В нашем полку, насколько мне помнится, этого дела не проводилось. Но однажды как-то случайно я такой показательный расстрел видел. Приехал, значит, куда-то там за боеприпасами и увидел: зачитали приговор трибунала и двоих человек расстреляли. Но это привычное дело было на фронте. Ведь когда ты в бой идешь, делается кругом-то что? Кругом — трупы, причем, как наши, так и наших противников. Голова — в одном месте, нога — в другом, и так далее. И ты уже не останавливаешься, когда трупы видишь, и ничего уже не делаешь, потому что для тебя это становится самым обычным делом. Вот такие были в основном с этим дела.
Как у вас замполитами складывались отношения во время войны?
У меня с ними были очень хорошие отношения. Вот я вам покажу на фотографии одного замполита (показывает). Вот это я, значит, это - командир дивизиона, а это - замполит, фамилия его - Попов. Это был замечательный и просто очень прекрасный человек. Мы так втроем, с ним и с командиром дивизиона, очень крепко все время дружили. Так войну вместе и закончили. Честно говоря, меня к к замполитам, может быть, в противовес другим, всегда очень хорошее было отношение. Лично я считаю, что они очень много сделали для нас во время войны.

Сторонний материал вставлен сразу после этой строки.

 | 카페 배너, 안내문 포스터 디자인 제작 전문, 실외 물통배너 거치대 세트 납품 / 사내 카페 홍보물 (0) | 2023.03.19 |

Во-первых, тогда комсомол играл очень большую роль для всех нас. Я, например, - старый комсомолец. А комсомол — это мощнейшая была в то время организация. Там находились преданнейшие люди, это были строители нашего будущего и самые настоящие энтузиасты своего дела. Так что комсомол был очень хорош, про это нечего и говорить. И мы, как комсомольцы, на войну вместе все и шли. Больше того, даже во время войны у нас прямо на фронте организовывались комсомольские и партийные ячейки, группы и так далее. И то, что это на фронте смогли организовать, что были и призывы комсомольские, и что многие комсомольцы в ВКП (б), то есть, в партию стали вступать, - это, конечно, была заслуга замполитов. Так что, я считаю, в этом плане они очень многое сделали для нас.
Штрафники вам встречались на фронте?
Нет.
То есть, вообще не встречались?
Вообще — нет, не встречались.
Но вы, наверное, знали или, во всяком случае, что-то слышали об их существовании тогда?

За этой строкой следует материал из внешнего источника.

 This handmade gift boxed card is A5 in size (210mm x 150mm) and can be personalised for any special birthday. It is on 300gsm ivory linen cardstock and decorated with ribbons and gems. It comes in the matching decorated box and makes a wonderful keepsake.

Знали, конечно. Почему не знали? У меня даже, например, был один такой случай, с этим связанный. Значит, один боец, который был призван в армию из Западной Украины, попал к нам в часть. Сам он по своему характеру был очень трусливым человеком. У него дома оставалась только одна мать, и он все время сидел и плакал по этому поводу. По должности своей он был связистом. А связь, знаете, у нас была в основном проволочная. А проволочная связь — это что такое? Это значит, что если любой снаряд разорвется, так из-за этого обрыв в связи происходит.

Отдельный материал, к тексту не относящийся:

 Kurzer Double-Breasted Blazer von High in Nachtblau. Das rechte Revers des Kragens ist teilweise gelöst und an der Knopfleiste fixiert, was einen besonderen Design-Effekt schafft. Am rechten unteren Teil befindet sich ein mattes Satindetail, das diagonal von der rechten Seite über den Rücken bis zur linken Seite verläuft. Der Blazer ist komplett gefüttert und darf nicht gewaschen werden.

А ведь когда ты сидишь на наблюдательном пункте, а батарея за километр от тебя, и ты без связи, как говориться, – так это пустое дело. Поэтому, если такое случается, ты посылаешь исправить связь какого-нибудь связиста. Так я послал одного солдата-связиста, чтобы он мне связь наладил. Он не пришел. Второго послал — тот тоже не вернулся с задания. Тогда я отправил этого третьего солдата, призванного с Западной Украины. Фамилия его, кажется, начиналась на букву С. Он пошел и тоже обратно не явился. Потом уже двое моих людей поползли и соединили связь. А этот солдат, значит, исчез. И оказалось что? Выяснилось, что он пытался дезертировать от нас. Трибунал его судил. Его отправили в штрафную роту. А в штрафной было как? Ты один раз идешь в бой, и если, значит, остаешься жив, то с тебя все наказание снимают. Его из штрафной направили обратно к нам. Но уже не в мою батарею, а в другую. И его там, в этой самой батарее, ребята спрашивали: «Как же ты так сделал?» А он плакал в ответ и отвечал: «У меня одна мама...» Вот и все.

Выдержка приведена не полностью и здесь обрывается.